The hiring comes at an interesting time for a16z, which had invested in Synapse, a banking-as-a-service startup which filed for bankruptcy in April and has since been under fire for an estimated $85 million worth of missing customer funds. The firm has been silent on the topic of the controversy around Synapse. TechCrunch spoke with a16z’s fintech leads and general partners Angela Strange and Anish Acharya in 2022 about the firm’s strategy in the space. The firm’s non-crypto high-profile fintech investments include Wise, Affirm, Deel and Greenlight, among others.
Meanwhile, TechCrunch also learned this week that Doug Adamic is no longer Brex’s chief revenue officer. The startup told us that Garrett Marker recently took his place as Brex’s new CRO. Marker most recently served as vice president of global sales at Braze, a cloud-based customer engagement platform for multichannel marketing.
Adamic had taken over as Brex’s CRO in May of 2022 after Sam Blond left, later joining Founders Fund as a partner, a role he ended up stepping down from earlier this year.
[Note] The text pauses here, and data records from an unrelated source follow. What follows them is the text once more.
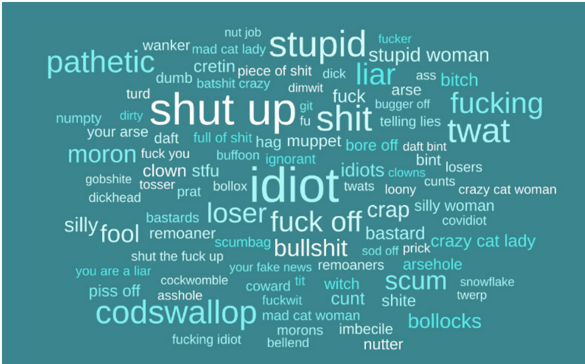
The word cloud above shows the most frequently occurring abusive terms tweeted at Carole Cadwalladr (occurring at least 20 times), normalised by case.

Next, after analysing the clearly identifiable abuse in the ‘personal’ category (55% of all abuse), we classified it into three subcategories:
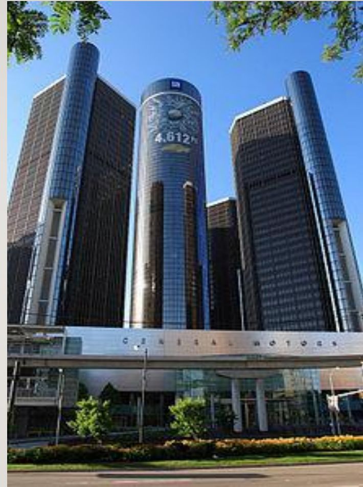
The Renaissance Center is the headquarters of General Motors
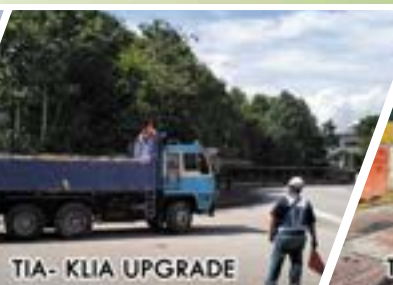
TIA- KLIA UPGRADE
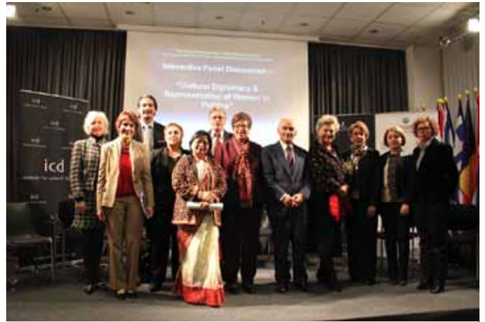
Interactive Panel Discussion at the ICD Annual Conference 2012 "Cultural Diplomacy & Representation of Women in Politics"
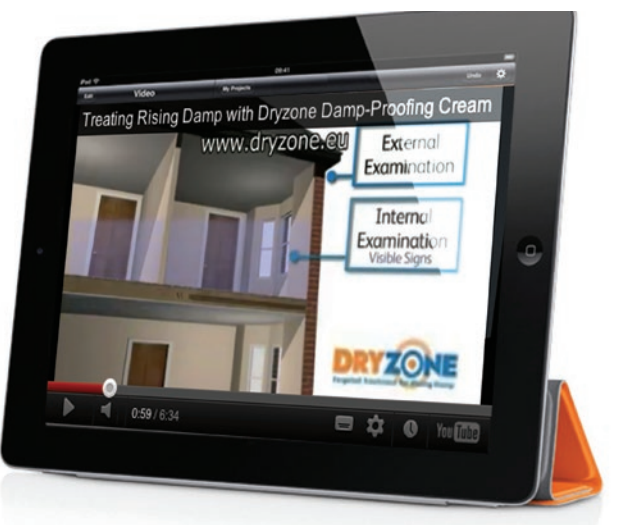
Visit www.dryzone.eu to view the Dryzone video.

Previously, Adamic had been with SAP Concur (a competitor of Brex’s) for over 16 years.
The moves come amidst an announcement by Brex that it has abandoned its co-CEO model with co-founder Pedro Franchesci becoming the sole CEO and co-founder Henrique Dubugras assuming the position of chairman of the board.
The pair told TechCrunch earlier this month that they believed that having two CEOs could be a bottleneck to the company’s growth by keeping its leadership from making faster decisions. They also feel like when Brex eventually does go public — something they don’t anticipate happening until 2025 or later — that investors will be more attracted to a traditional model of just one CEO running the company.
Interesting, in June 2023, Jason Mok, a former 16z operating partner, joined Brex as head of startups.